The young priest arrived home at the monastery on the day for beginning residence, and they assigned to him a cell which had been built by his father. On the next day his father came, and inquired of one of the priests, “Reverend sir, to whom has my cell been assigned?” And when he heard it had been assigned to a young stranger, he drew near, and having done obeisance, he said,

“Reverend sir, any one who enters upon residence in my cell has a garment given him.”

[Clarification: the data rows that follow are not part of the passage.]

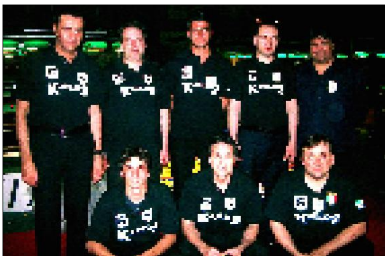
1° class. Selezione RIMINI "1° categoria"
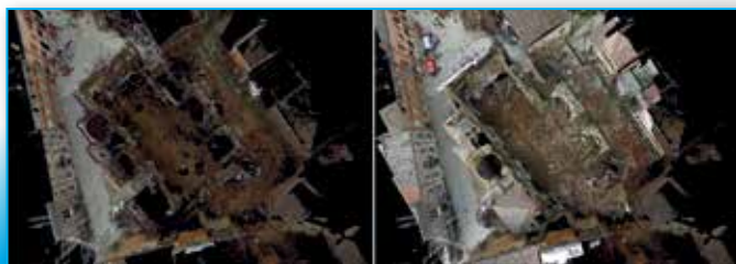
Fig. 6 - Vista della nuvola di punti rilevata con il laser FARO Focus 3D (a sinistra), e del modello finale ottenuto integrando i dati terrestri con quelli da UAV.
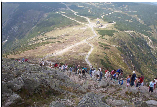
Fot. 5. Karkonoski Park Narodowy – widok ze Śnieżki w kierunku schroniska „Dom Śląski”, na dalszych planach wyraźnie widoczne liczne szlaki intensywnie eksploatowane w sezonach turystycznych
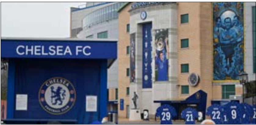
تم تجديد الحصون التي يمتلكها أبراموفيتش (1 صفا)

بدأ من لقاء نادي ليل الفرنسي يوم الأربعاء المقبل. وأعلنت وزيرة الخارجية البريطانية ليز تروس فرض تجريد كامل لأصول 6 رجال أعمال روس آخرين وحظر سفرهم من أجل «تشديد الضغط» على موسكو. وذكر بيان للخارجية البريطانية أن رجال الأعمال السبعة ترتبط أعمالهم وثرواتهم ارتباطاً وثيقاً بالكرملين، ومن بينهم المبادير الروسي رومان أبراموفيتش مالك نادي تشيلسي الإنكليزي لكرة القدم ورجل الصناعة أوليغ ديريباسكا.
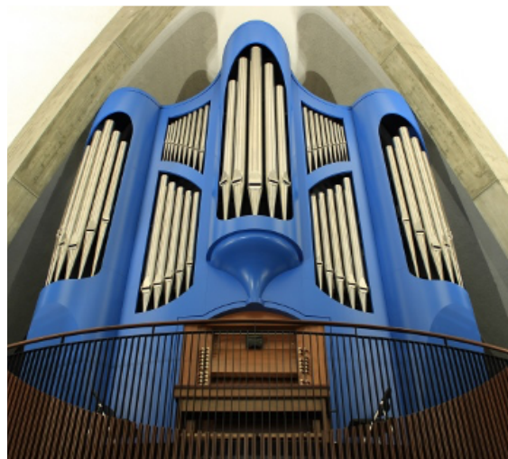
フィスクオルガン Op. 141

https://www.youtube.com/channel/UCzMmFtODyKjvFNEP5SBdKUw
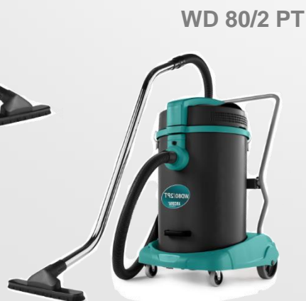
WD 80/2 PT

Leistungsstarke Modelle für die Nass- und Trockenanwendungen für den professionellen Einsatz mit Kunststoffbehälter in unterschiedlichen Ausführungen.
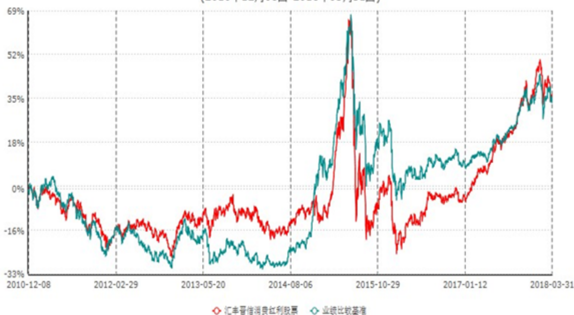
汇丰晋信消费红利股票型证券投资基金累计净值增长率与业绩比较基准收益率历史走势对比图 (2010年12月08日-2018年03月31日)

注：1. 按照基金合同的约定，本基金的投资组合比例为：股票投资比例范围为基金资产的 85%–95%，权证投资比例范围为基金资产净值的 0%–3%。固定收益类证券、现金和其他资产投资比例范围为基金资产的 5%–15%，其中现金（不包括结算备付金、存出保证金、应收申购款等）或到期日在一年以内的政府债券的投资比例不低于基金资产净值的 5%。按照基金合同的约定，本基金自基金合同生效日起不超过 6 个月内完成建仓，截止 2011 年 6 月 8 日，本基金的各项投资比例已达到基金合同约定的比例。

“What mean you, O layman?”

“For the next three months you must beg your food at our house, and when, after the solemnity of inviting criticism, you wish to depart, come and take leave of us.”

The other assented by his silence.

Then the layman went home, and said to his wife, “A certain reverend stranger is in the dwelling I put up, and we must wait on him attentively.”

“Very well,” said the lay woman in assent, and prepared excellent food, both hard and soft.

At breakfast-time the lad came to the house of his mother and father, but no one recognized him. And he remained three months, and always ate his alms at their house. And when residence was over, he announced to them that he was about to depart.

Then said his mother and father, “Reverend sir, you can go on the morrow.” And the next day they fed him in their house, and then filled up a measure of sesamum oil and gave it to him, and also a lump of sugar, and nine cubits’ length of cloth, and said, “You can go now, reverend sir.” And he returned thanks, and set out in the direction of Rohana.

And his preceptor, after the solemnity of inviting criticism, was coming in the opposite direction, and met him in the place where they had met before. The lad performed his respectful duties to the elder at the foot of a certain tree. Then said the elder,

“Well, my friend, did you see the lay woman?”

“Yes, reverend sir,” said he in reply, and told him all the news.

And having anointed the feet of the elder with the sesamum oil, and made him a drink with the lump of sugar, and given him the cloth, he did obeisance before him and saying, “Reverend sir, Rohana is the place for me,” he departed on his way.

The elder came to the monastery, and on the next day entered the village of Korandaka. And the lay woman, who was always looking up the road, and saying, “Now, now my brother is coming with my son,” saw him approaching alone, and fell at his feet, and wept, and lamented, saying, “My son, methinks, must be dead, inasmuch as the elder comes alone.”

Then thought the elder, “Surely, the lad, through the moderateness of his passions, must have gone away without announcing himself.” And he comforted her, and told her the whole story, and drawing forth the cloth from the scrip in which he carried his bowl, he showed it to her.

The lay woman was pleased, and lying prostrate, with her face in the direction in which her son had gone, she worshiped, saying,

“Methinks The Blessed One must have had in mind a body of priests like my son when he preached the relay course of conduct, the Nlaka course of conduct, the tuvattaka course of conduct, and the course of conduct customary with the great saints, showing how to take delight in the cultivation of content with the four reliances. This man ate for three months in the house of the mother who bore him, and never said, ‘I am thy son, and thou art my mother.’ O the wonderful man!”

For such a one mother and father are no hindrances, much less any other lay devotees.